TASK STATEMENT ->
Would you give again, exactly as written, the lines from the opening of the records to the line with "La chambre donne", that line included and pictures excluded?

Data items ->
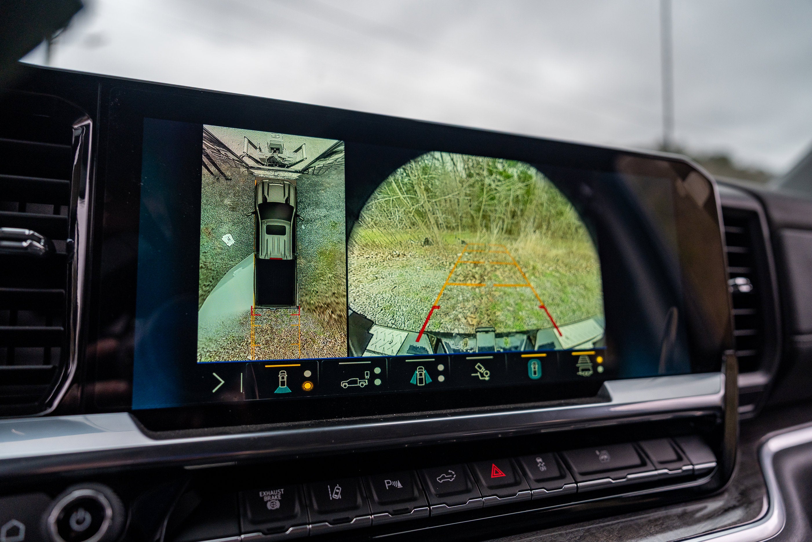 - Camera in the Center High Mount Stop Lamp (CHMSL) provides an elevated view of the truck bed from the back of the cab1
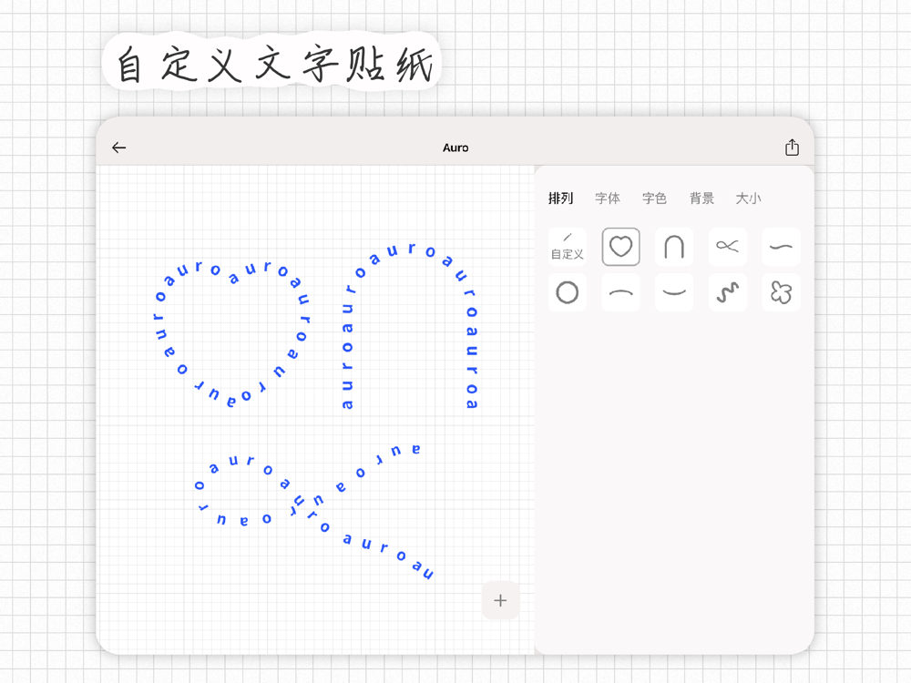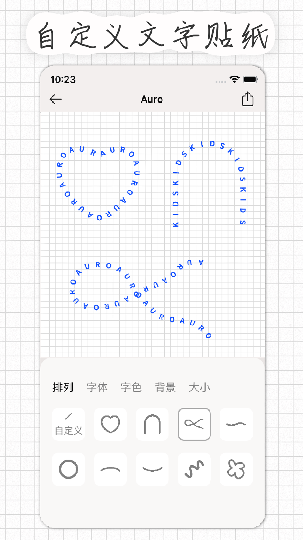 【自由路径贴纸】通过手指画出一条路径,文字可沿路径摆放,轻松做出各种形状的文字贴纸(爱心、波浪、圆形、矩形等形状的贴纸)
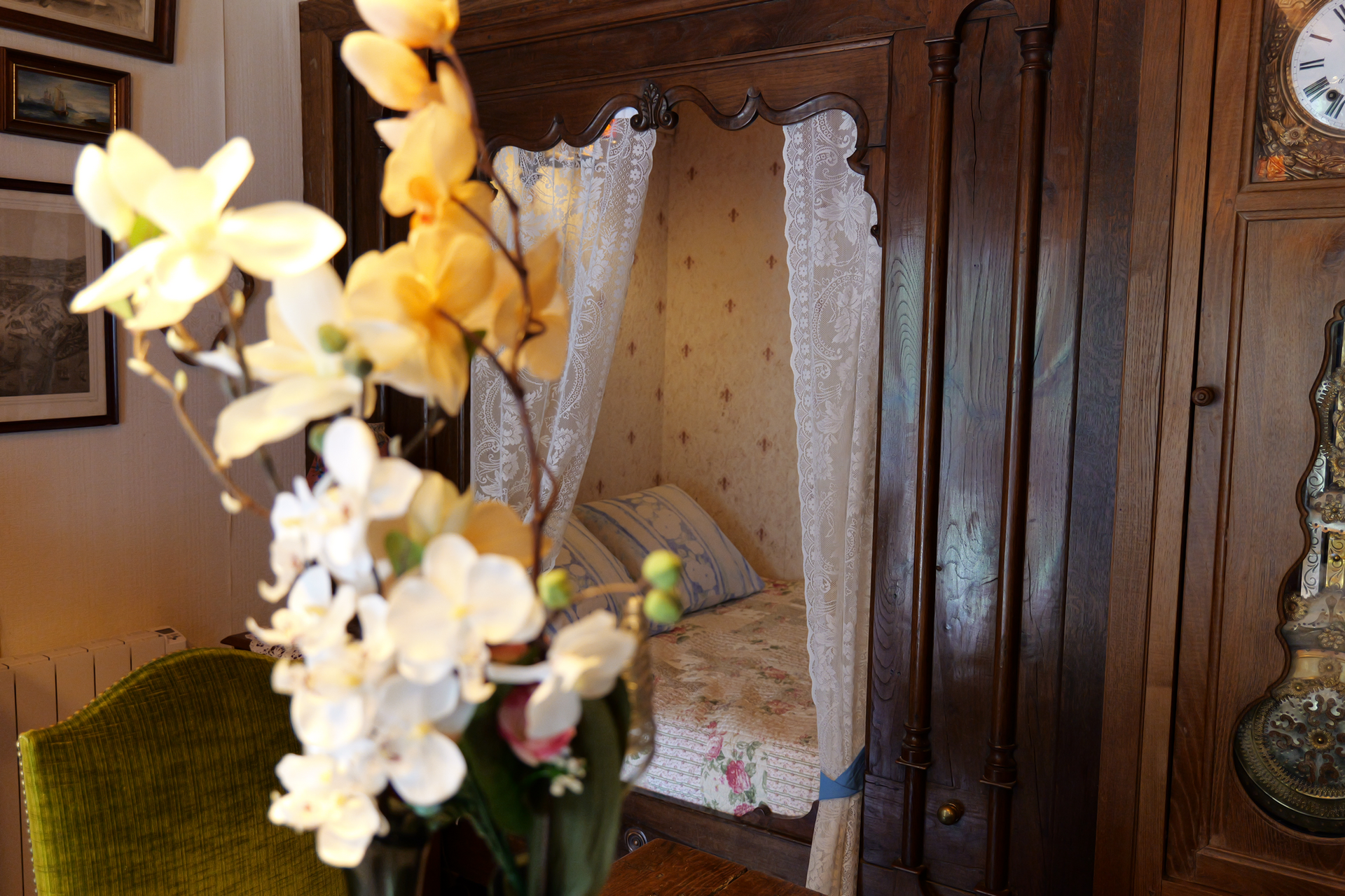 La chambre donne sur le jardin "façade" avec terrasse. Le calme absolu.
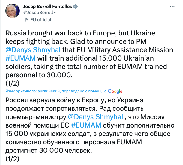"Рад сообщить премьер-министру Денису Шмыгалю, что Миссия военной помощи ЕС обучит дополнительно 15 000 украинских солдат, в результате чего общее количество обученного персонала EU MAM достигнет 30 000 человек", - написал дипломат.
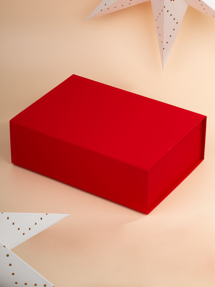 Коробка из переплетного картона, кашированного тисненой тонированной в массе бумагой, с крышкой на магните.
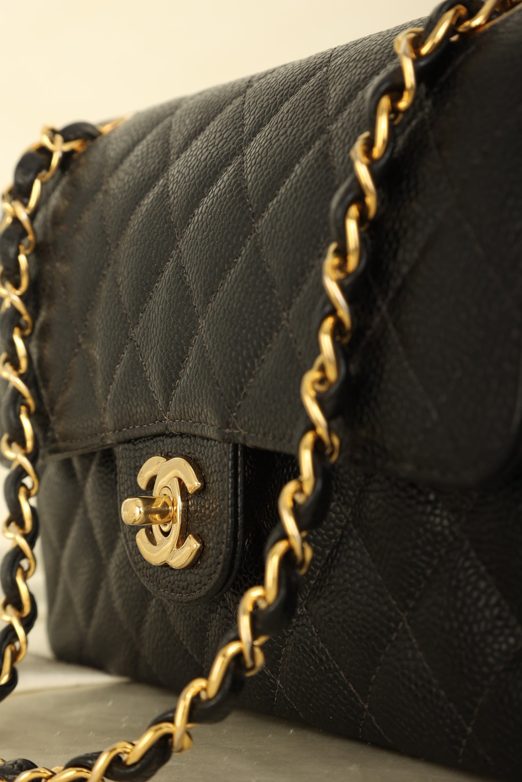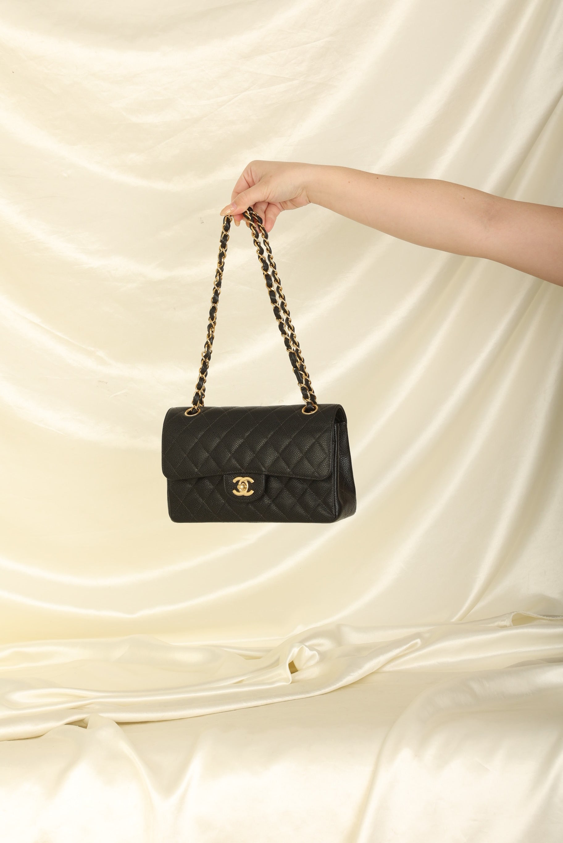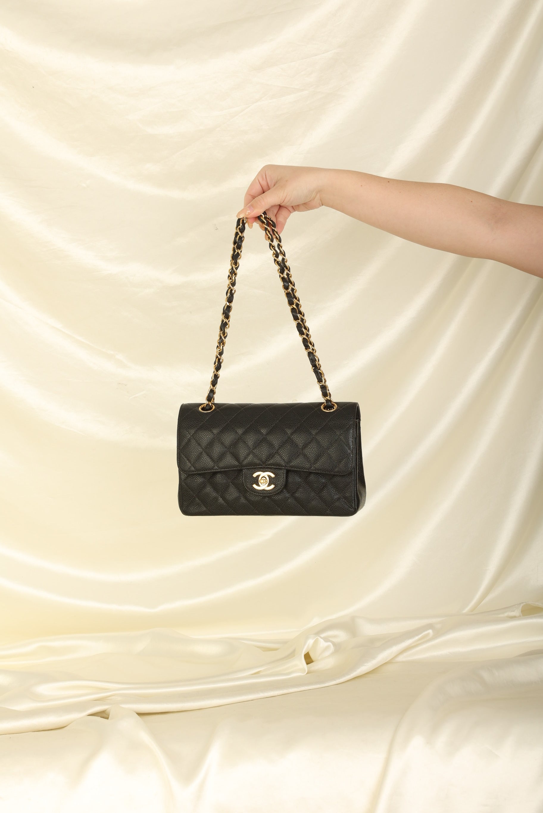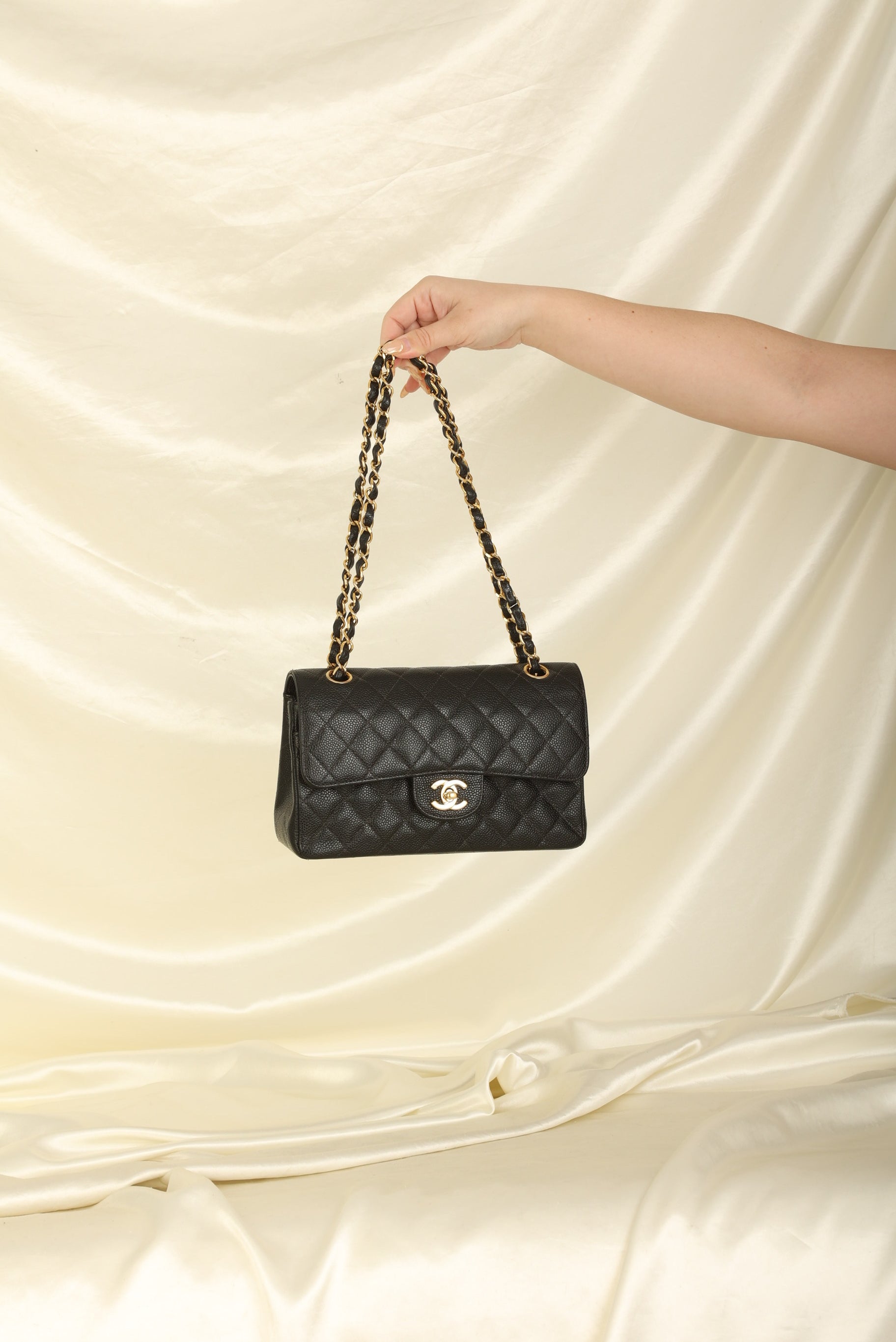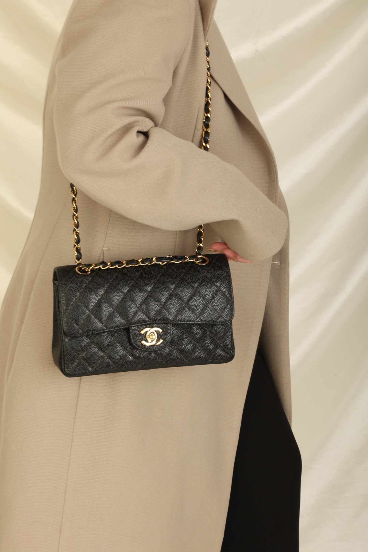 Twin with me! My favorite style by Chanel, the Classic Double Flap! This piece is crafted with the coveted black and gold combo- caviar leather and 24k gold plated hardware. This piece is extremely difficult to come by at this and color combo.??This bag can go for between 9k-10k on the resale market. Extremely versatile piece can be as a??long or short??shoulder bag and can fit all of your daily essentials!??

TASK ANSWER ->
 - Camera in the Center High Mount Stop Lamp (CHMSL) provides an elevated view of the truck bed from the back of the cab1
 【自由路径贴纸】通过手指画出一条路径,文字可沿路径摆放,轻松做出各种形状的文字贴纸(爱心、波浪、圆形、矩形等形状的贴纸)
 La chambre donne sur le jardin "façade" avec terrasse. Le calme absolu.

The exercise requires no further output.